**What you should do:**
The lines in the listing below are to be given again exactly, starting at the line holding "AirLaunch Conducted the" and ending at the line holding "INSIDE VIEW OF DEDUSTING CHAMBER". Do not include pictures.

**Dataset:**
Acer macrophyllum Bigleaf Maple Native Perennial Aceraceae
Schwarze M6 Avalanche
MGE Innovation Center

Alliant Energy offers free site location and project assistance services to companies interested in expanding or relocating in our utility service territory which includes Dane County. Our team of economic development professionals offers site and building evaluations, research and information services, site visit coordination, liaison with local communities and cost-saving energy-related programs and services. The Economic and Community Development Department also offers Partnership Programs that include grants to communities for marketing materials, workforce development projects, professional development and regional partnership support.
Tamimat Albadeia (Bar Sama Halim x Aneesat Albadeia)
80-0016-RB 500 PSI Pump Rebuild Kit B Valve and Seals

...

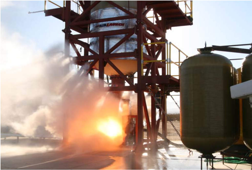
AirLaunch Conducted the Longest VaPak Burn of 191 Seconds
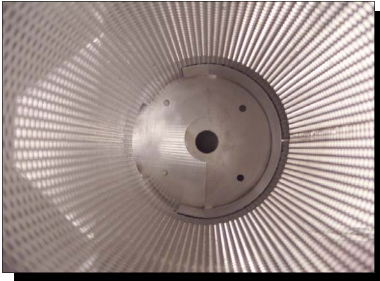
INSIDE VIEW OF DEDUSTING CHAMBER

**Written answer:**
AirLaunch Conducted the Longest VaPak Burn of 191 Seconds
INSIDE VIEW OF DEDUSTING CHAMBER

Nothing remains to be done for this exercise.